サプライチェーンはグローバル化の象徴ともいえるものである。それがコロナウィルスで国境が封鎖され、人の流れのみならず物流に大きな障害となり、サプライチェーンが危機にさらされることになった。サプライチェーンのリスクが浮き彫りにされたと言ってもいい。
外国での生産は部品など製造過程の一部を行うサプライチェーンのほかに、生産全体を行うケースもある。米国の場合、医薬器具や薬品の多くを中国で生産していたらしい。今回のコロナウィルスでその入手が困難になり、国内生産をすべきであるとの議論が出て来るのは不思議ではない。米外交問題評議会のオニール副会長は、Foreign Affairsのウェブサイトに4月1日で‘How to Pandemic-Proof Globalization’と題する論説を寄せ、コロナウィルスは世界的サプライチェーンが人々、経済、そして国の安全保障に与えるリスクを明らかにしたと述べ、それへの対応としてサプライチェーンの重複(redundancy)を提唱している。
サプライチェーンの場合、外国で行ってきた部品などの製造過程を米国に戻すとなれば、新しいサプライチェーンを作る必要があり、簡単ではない。何よりも生産のコストが上昇する。米国の生産コスト、特に労賃は割高であり、それがそもそもサプライチェーンを外国に移す理由であった。国内に移し替えると米国の産品が割高になり、国際競争力を失う。輸出は減り、貿易赤字が増える。国内でも外国製品との競争にさらされる。

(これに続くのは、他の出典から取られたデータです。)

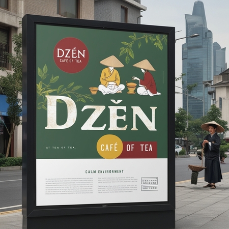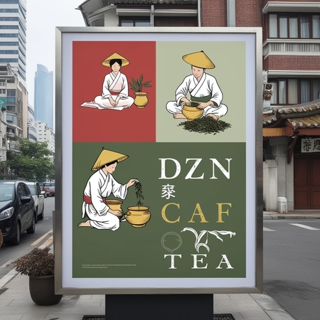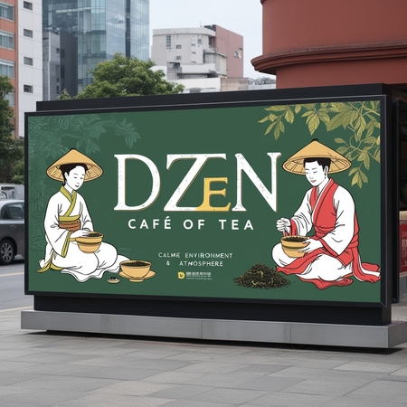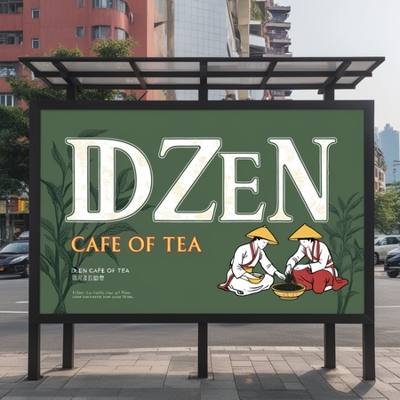 promt: generate a mockup of a poster for the «DZEN Cafe of Tea». On the billboard some feature illustrations of people in traditional attire with conical hats, one sitting and the other gathering tea leaves. Calm environment in the city around of the billboard. The logo «DZEN» should be made of antique letters, thin and have asian atmosphere. The letters are white, neat on a green monochrome background. use colors like red, yellow, white and green. logo should be on the billboard
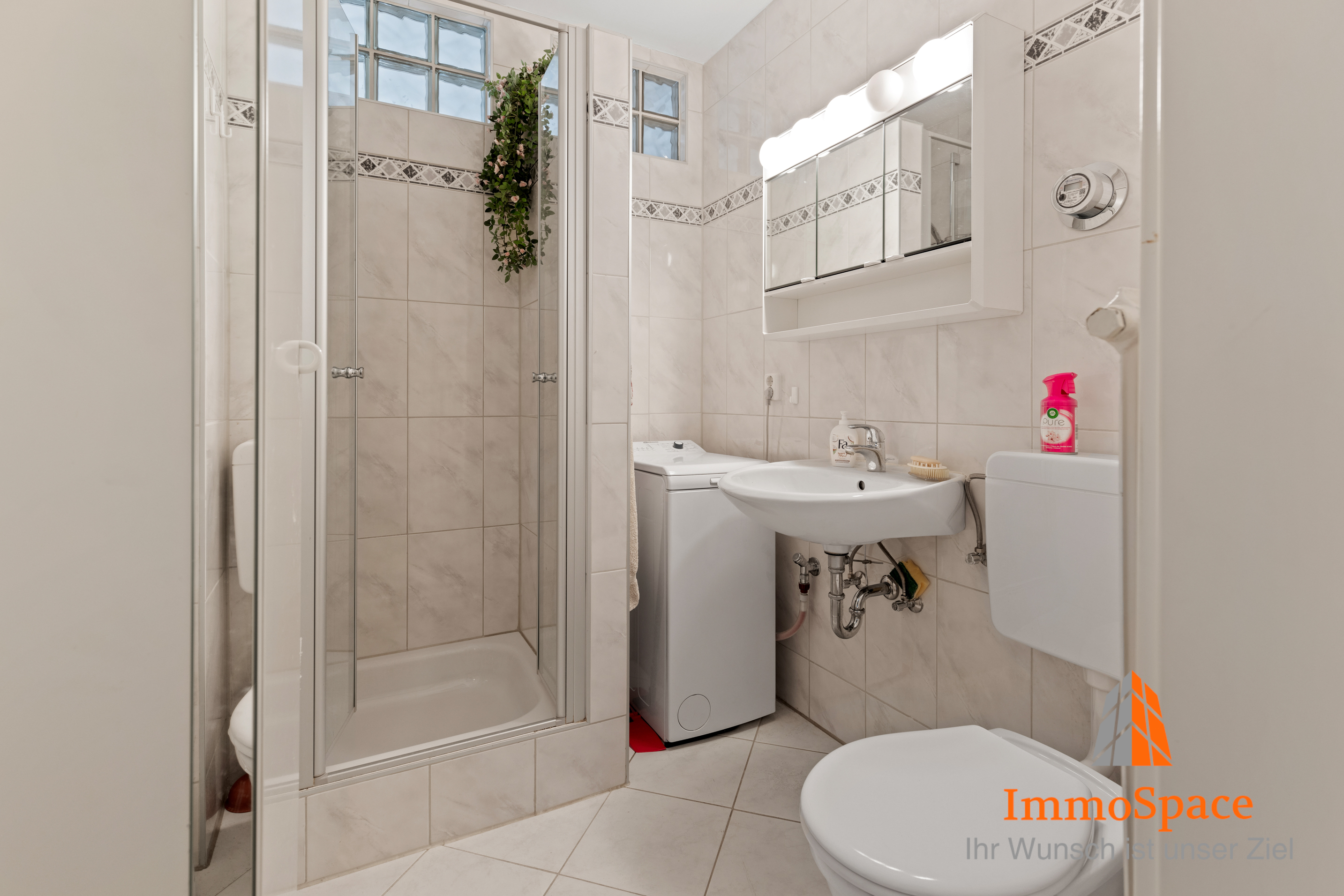 Das Badezimmer verfügt über Tageslicht und eine Dusche sowie eine separate Nische für die Top-Lader-Waschmaschine. Hell und einladend bietet es einen angenehmen Rückzugsort für den perfekten Start in den Tag oder das entspannte Abendritual.

そこで、オニールは、外国でのサプライチェーンを廃止するのではなく重複(redundancy)を推奨する。複数のサプライチェーンをつくり、一つが途絶えても供給が滞らないようにするというわけである。これはそれだけコストがかかる。しかし、いざという場合に備えての保険となる。コストをぎりぎりまで下げ競争するというのが市場経済(資本主義といってもよい)の原理であった。在庫、労働者、時間を減らす「無駄のない製造」(lean manufacturing)もその例である。しかしそれはリスクを伴う。何か一つ障害が起きれば歯車が狂ってしまう。ある程度の余裕を持つことが市場経済の持続性を保証することになる。サプライチェーンを複数にするというのはまさにそれであり、真剣に検討されてしかるべきと考える。
米国にとってサプライチェーンの再検討は喫緊の問題であるが、中国でのサプライチェーンは別の話だろう。米中はハイテクをめぐって覇権争いをしており、米中の対立は今後も続くだろう。そうとすれば米国企業は中国におけるサプライチェーンの重複を考えるのではなく、東南アジアなどに移すことを考えるのがより賢明と考えられる。日本の企業も、この際、サプライチェーンのリスクについて検討し、いかに対処すべきかを考えるべきであろう。
コロナウィルスは何十年に一度の現象である。危機が過ぎ去った後は以前の状態を復旧すればいいとの考えもありうる。しかし、コロナウィルスはいつ何が起こるかもしれないという教訓を与えた。この際リスクの回避は真剣に検討すべきなのであろう。